The Coalition’s record on tax for young people may well be one of the sleeper issues of the election. Australia’s tax system is now comprehensively biased against single tax-payers without children, who receive none of the extensive benefits available to couples with children under the Family Tax Benefits scheme.
At the same time as they pay back HECS, while they save for a mortgage, young singles in full-time work now pay much higher marginal tax rates than their friends who have decided to have children. According to Treasury figures, the Net Tax Threshold (in other words, once benefits and other tax breaks are taken into account) for a single person on an average full-time wage is $16,649. For a dual-income family it’s $46,884.

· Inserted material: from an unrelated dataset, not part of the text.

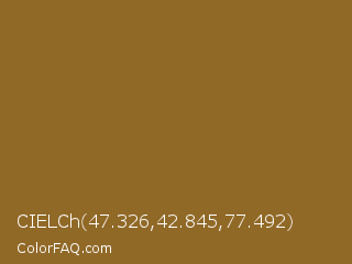 CIELCh 47.326,42.845,77.492 Color is a normal orange color and the nearest color is Kumera #886221. Hex code #916927 and RGB value is rgb(145,105,39). In RGB color space, this color is composed of 57% red, 41% green, 15% blue, In CMYK color space, this color is composed of 0% cyan, 28% magenta, 73% yellow , 43% black , In HSL color space, this color has a hue angle of 37° , 58% saturation and 36% lightness.

Not only is the disparity manifestly unfair to singles, it also confronts younger Australians with some uncomfortable life choices. With HECS debts to pay back and an ever-larger deposit needed to buy unaffordable housing in Australian cities, many younger Australians are putting off having children longer. For middle-income earners, buying a house or having children is beginning to look like an either/or dilemma. For those on lower incomes, the chance to buy a house has already vanished. In the meantime, rents are spiking.

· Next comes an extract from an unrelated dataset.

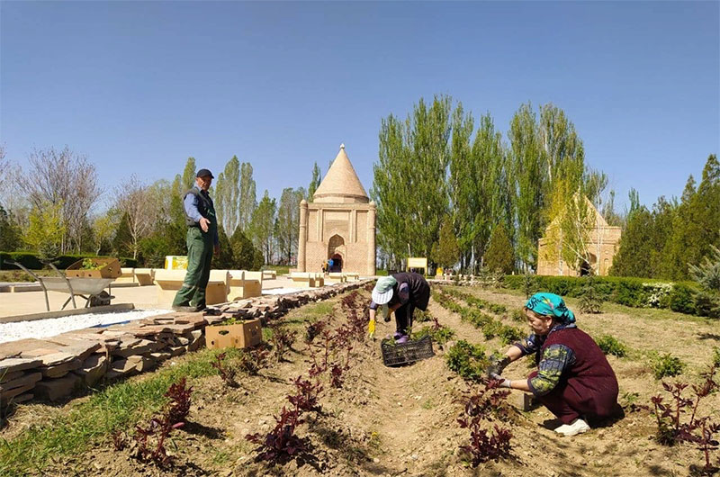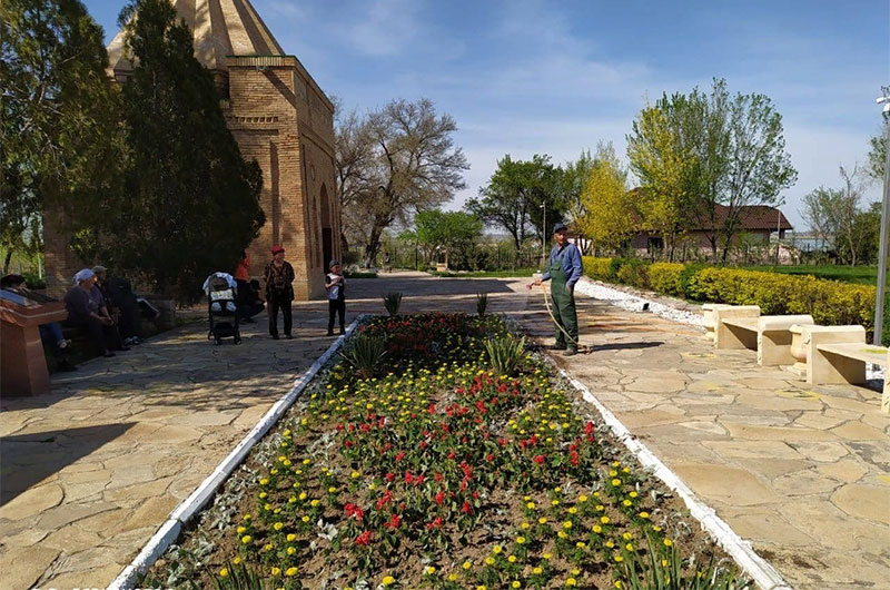 Қазақстан Республикасы Мәдениет және спорт министрлігіне қарасты «Ежелгі Тараз ескерткіштері» мемлекеттік тарихи-мәдени қорық-музейіне қарасты нысаны "Айша бибі" кесенесінің аумағында музей қызметкерлері көгалдандыру жұмыстарын жүргізді. Музей қызметкерлері санитарлық-карантиндік шараларын сақтай отырып, санитарлық тазалау, көгалдандыру жұмыстарын жалғастыруда.

The Howard Government’s industrial relations policy changes are another area which disproportionately affects young Australians. For the large number who are employed casually in non-unionised workplaces, WorkChoices heralds a significant deterioration of their working conditions for little if any pay gain. Young people, particularly in the hospitality and retail industries, are at the pointy end of industrial deregulation, and there are plenty of signs that they don’t like it.
Then there’s the environment. In his ground-breaking study of the economic costs of climate change, UK Treasury economist Sir Nicholas Stern points out that global warming has huge implications for inter-generational equality. Put simply, today’s young people (and their children) are going to have to pay dearly for the inaction of their elders on reining in carbon emissions. Climate change and the environment are issues where young people have been consistently more engaged than the denialists in the Howard Cabinet (let alone his backbench). Only in the last year has Howard even remotely started to ‘get it.’

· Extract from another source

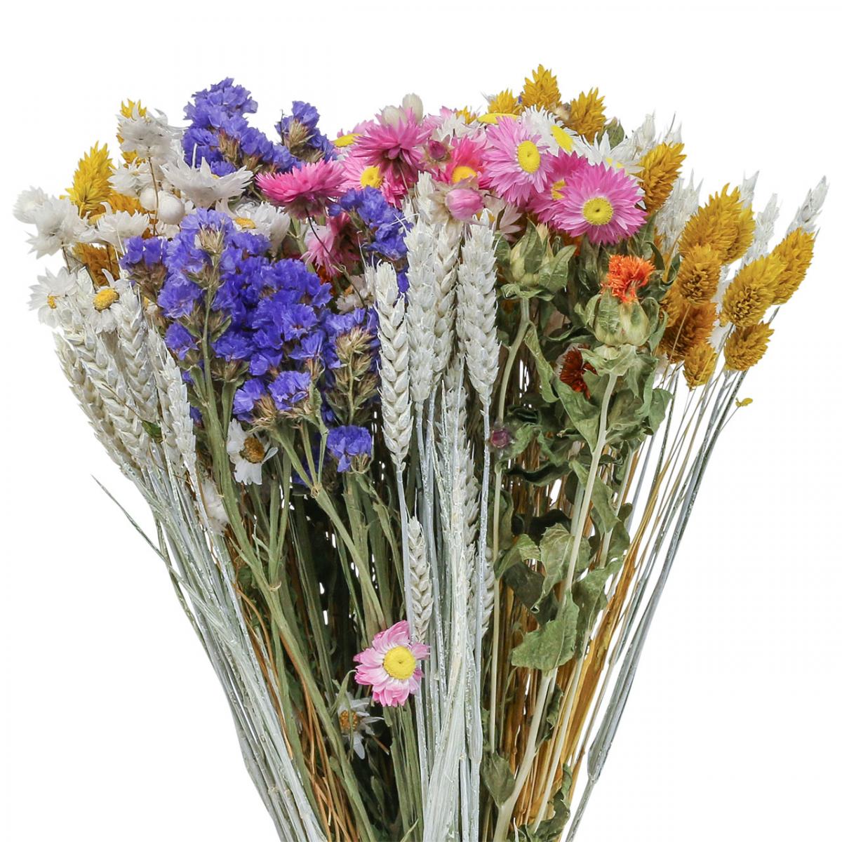Vous recevrez un bouquet bohème très complet de fleurs séchées composées de fleurs de paille colorées, de statice, de phalaris et de blé.

No wonder the Government has moved so decisively this term to restrict the franchise for younger voters. Under changes to Australian Electoral Commission rules ushered in by Senator Eric Abetz last year new voters will have to be enrolled by 8:00 pm on the day the Federal election is called to be eligible to vote. With many younger voters regularly moving between seats and States, the new rules may disenfranchise hundreds of thousands.
Young people are not stupid. They know that they will have to pay for the costs of climate change and their parent’s rising medical costs, while they’re already paying more in education, housing and tax. Young voters have swung against the Howard Government, and they have plenty of good reasons to do so.